I've never felt more acutely self-conscious than those first few minutes wheelchairing out on the streets of the city, thankfully with my wife by my side. Soon enough, though, I realized that most of the people on the street were so self-absorbed that they didn't even notice me, as was evidenced by their propensity to walk right into me and my mechanical monster, as if anything below chest level was invisible. Before long I chafed at the idea that some freaking wheelchair was going to define me. Screw it, I would define it. I am not a chair, a cane, a walker, or an ankle brace, I'm Marc, and maybe now an even better version than the old Marc, having survived and learned from the endless gauntlet of physical and emotional affronts so thoughtfully provided by my disease and the modern medicine machine into whose belly I've forcibly been thrust.
Chronic disabling illness provides quite the double whammy; not only must the patient deal with the sobering psychological realities of being sick, but also with the physical handicaps wrought by their affliction. I'd imagine that even for the most stalwart among us, the burden can sometimes be just about too much to bear. Despite always attempting to publicly put my best foot forward (ha ha), each landmark on the road to disability has caused me emotional turmoil and plain old heartache. I've stumbled down a path familiar to far too many, marked by a succession of assistive devices, each one more obvious and discomfiting than the last. The anticipation that preceded my needing each of these devices was undeniably gut wrenching, so much so that in retrospect I realize that I put off reluctantly accepting their help for far too long. Frantically holding on by my fingernails to a self-image that had simply ceased to be, when I finally relented and allowed these mechanical aids into my life, they brought with them much needed relief and liberation, rather than the shame and revulsion that I had been so fearfully expecting.

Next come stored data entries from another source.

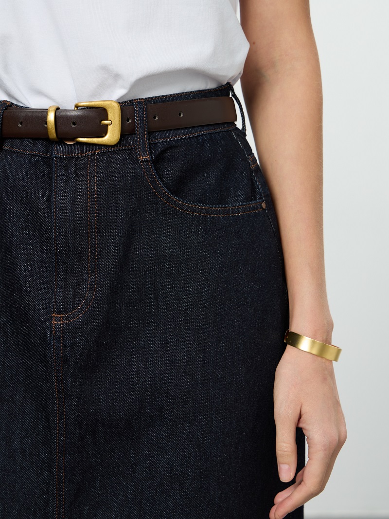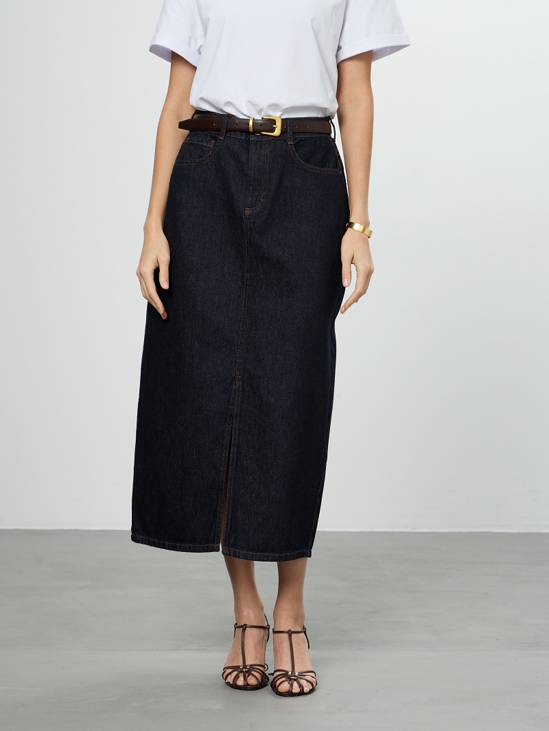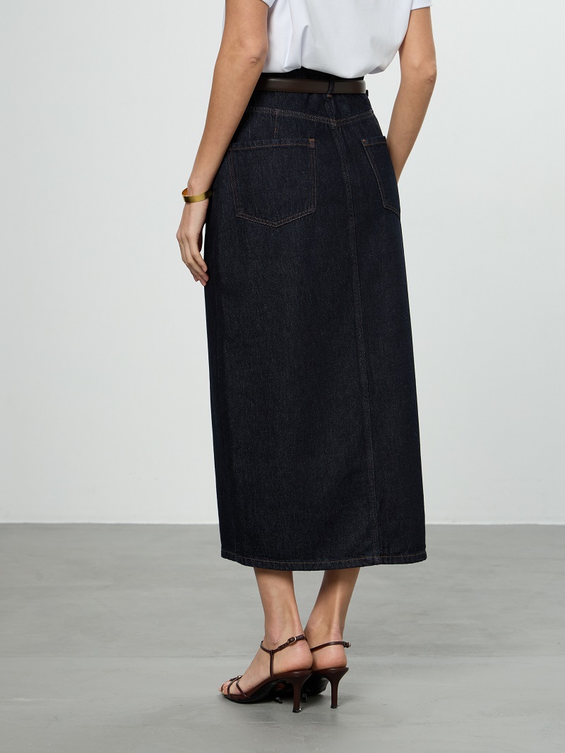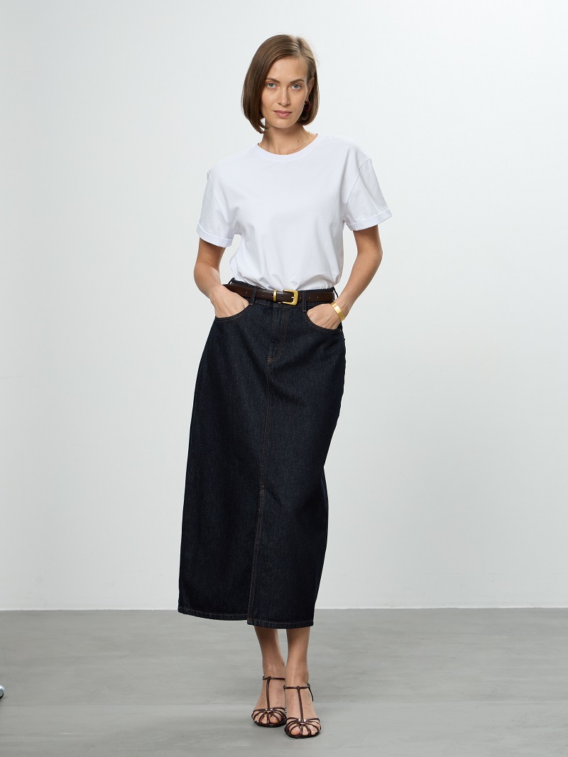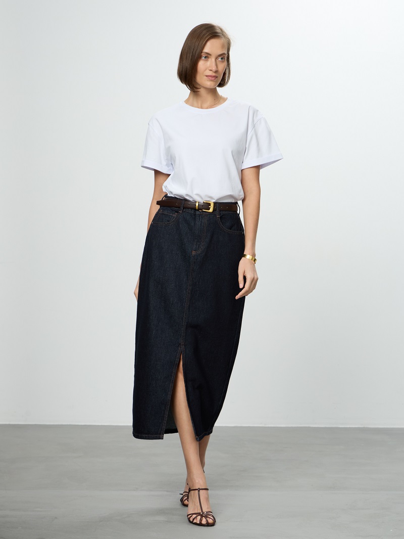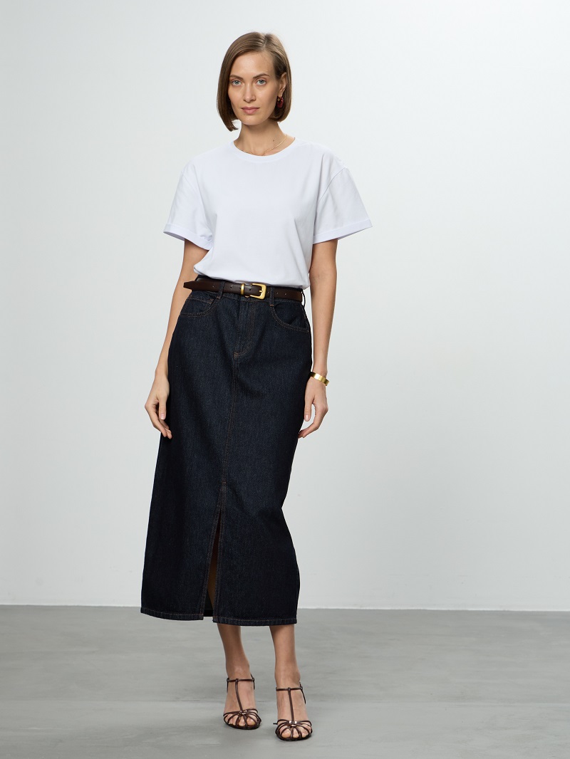 • Джинсовая юбка прямого силуэта в классическом синем цвете с посадкой на талии. Застежка - гульфик и металлическая пуговица.
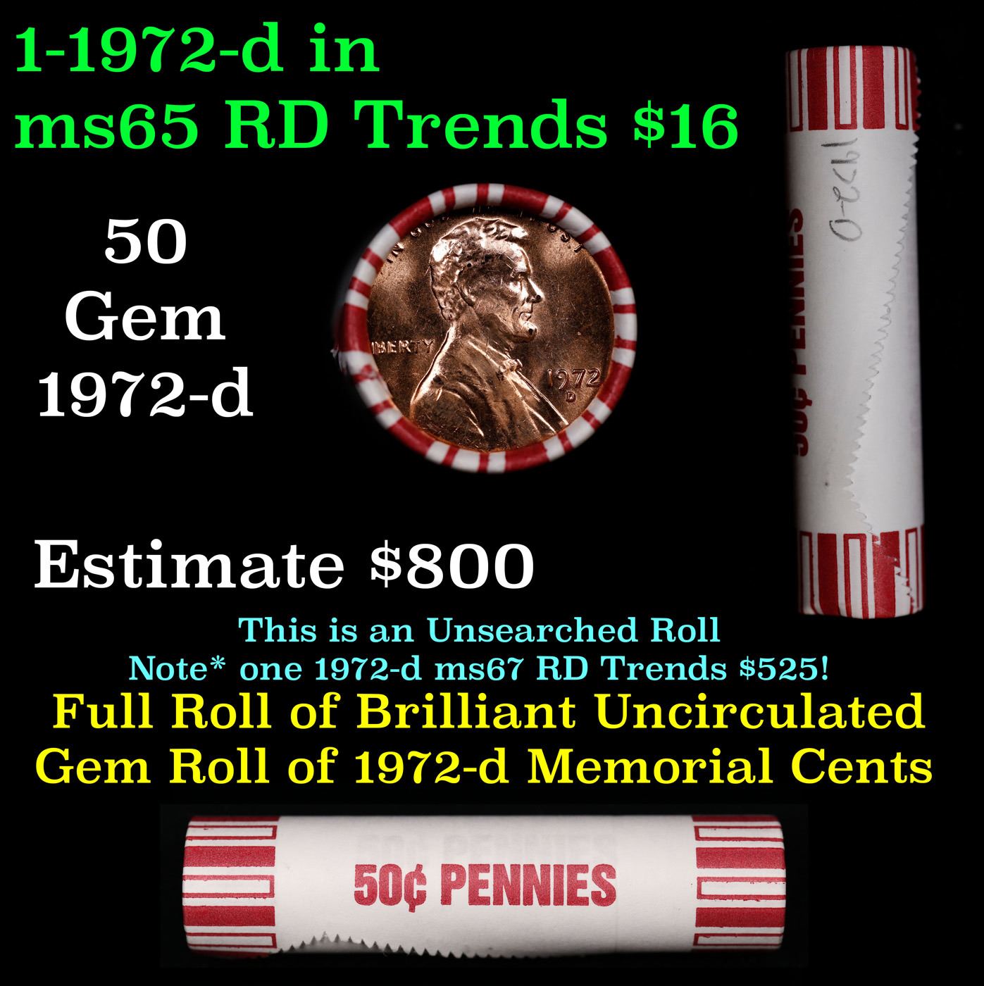 Shotgun Lincoln 1c roll, 1972-d 50 pcs Steel-Strong Wrapper.. A terrific Shotgun roll of Lincoln cents. Most if not all coin should be cherry red.
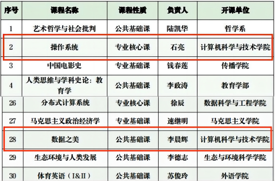 其中由3044AM永利石亮教授负责的专业核心课《操作系统》和由李晨辉副教授负责的公共基础课《数据之美》成功入选。
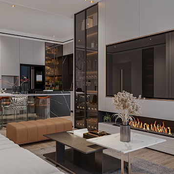 Мишель объединяет закрытые системы хранения и открытые ниши для декора. Центральная часть оформлена под телевизор с декоративным камином внизу, а сбоку встроен шкаф-витрина со стеклянными фасадами в алюминиевой рамке и мягкой внутренней подсветкой — для размещения бокалов и бутылок.
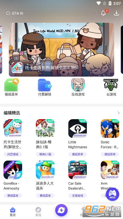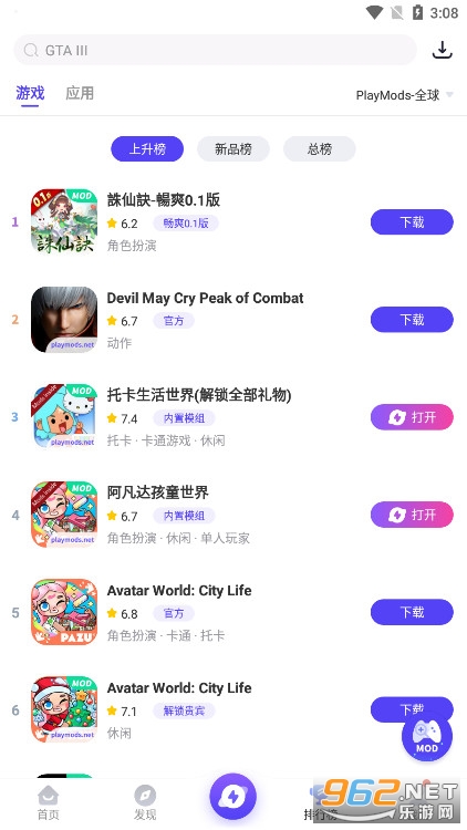 2、playmods还分为三个特色板块:破解游戏、大型游戏和中国游戏,你可以根据版块特色来找寻你想要的游戏
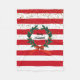 Christmas Festive Holly Berries Wreath Stripes Fleece Blanket
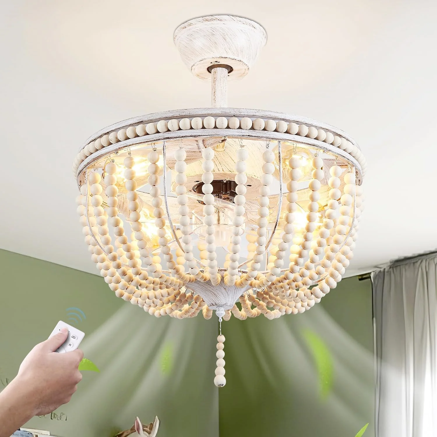 Деревянный шарик, оптовая продажа, потолочный вентилятор в стиле бохо с пультом дистанционного управления для спальни, кухни, прихожей, антикварный светодиодный потолочный вентилятор
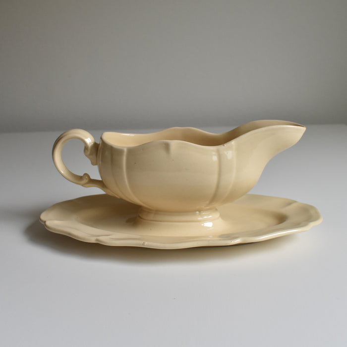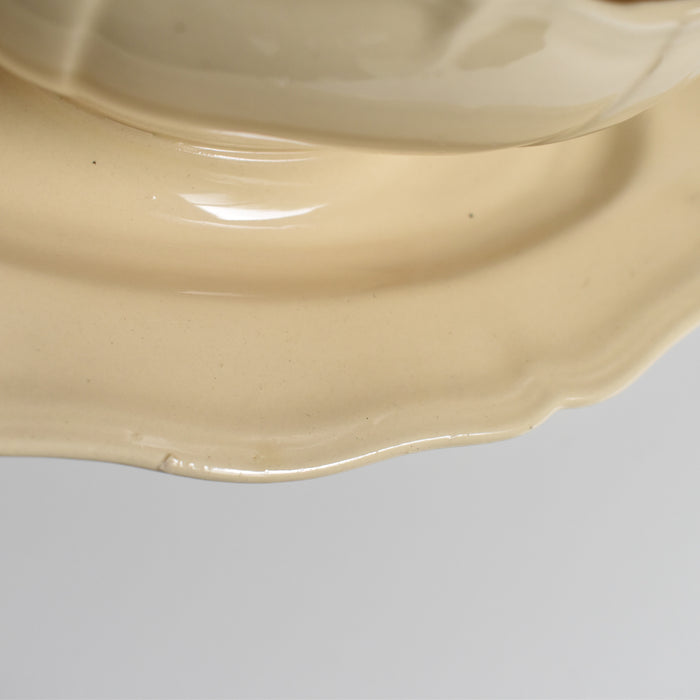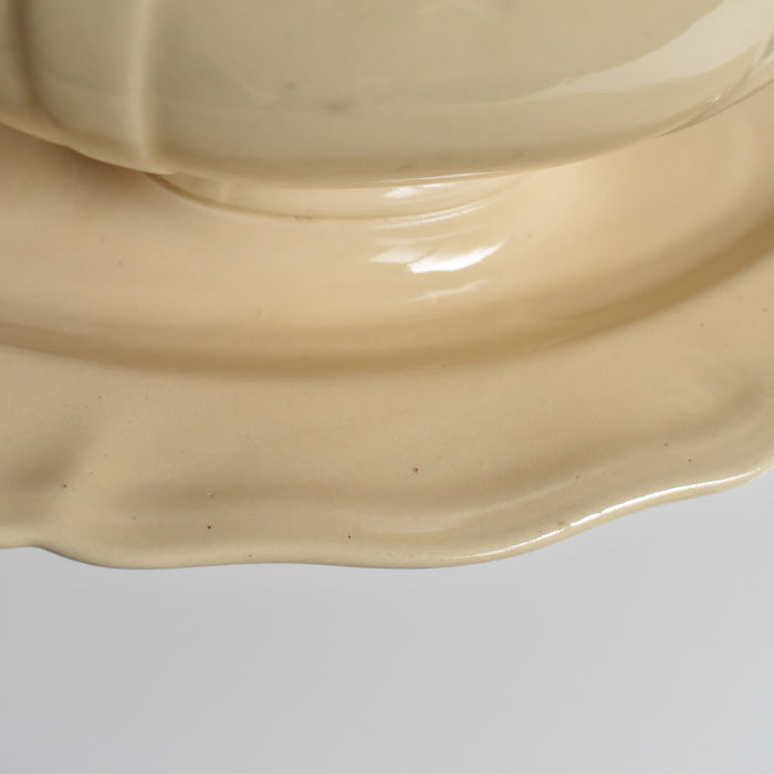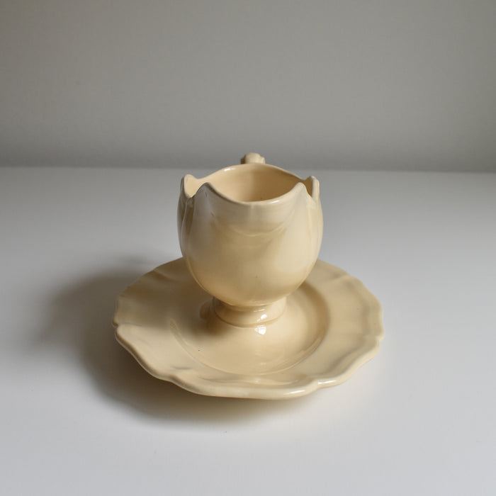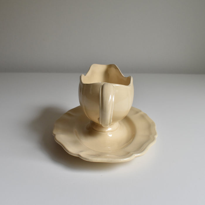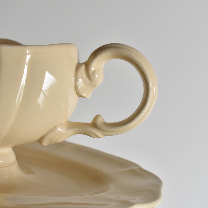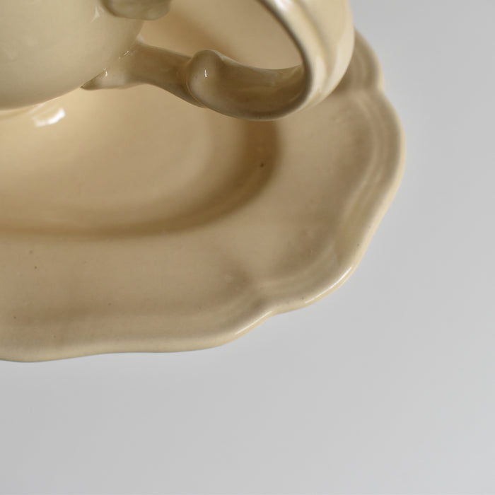 受け皿部分は花リムで可愛らしくソース皿部分にもレリーフが施され、素朴さの中に可憐さを感じます。

Overcoming the mental and physical hurdles represented by accepting my increasing vulnerability has certainly given me a new sense of perspective, and maybe even a pinch of wisdom. The strange truth is that although my disease has left me exceptionally weaker physically, it's also made me immensely stronger psychologically. Like each and every one of my fellow patients, I've overcome obstacles before which I thought I would simply shatter, and by so far surviving the raging battlefield of illness I've gained self-knowledge and an inner fortitude that I never previously could have imagined myself capable. I've witnessed bravery and guts in other patients that have oftentimes had me verging on tears, daily displays of strength often nonchalantly expressed with nothing more than a smile and a shrug. I tip my hat to all of you, and invite everyone to join me in raising a big middle finger to any thoughts of shame or self-doubt brought about by the random bad luck of being socked by a serious illness, to any notion that we as people have somehow been diminished by our disease, and to the goddamned disease itself. Having and living with MS sucks, but the challenges it presents give ample opportunity to display grace, courage, and powerful determination.
Say it loud, I'm a gimp and I'm proud!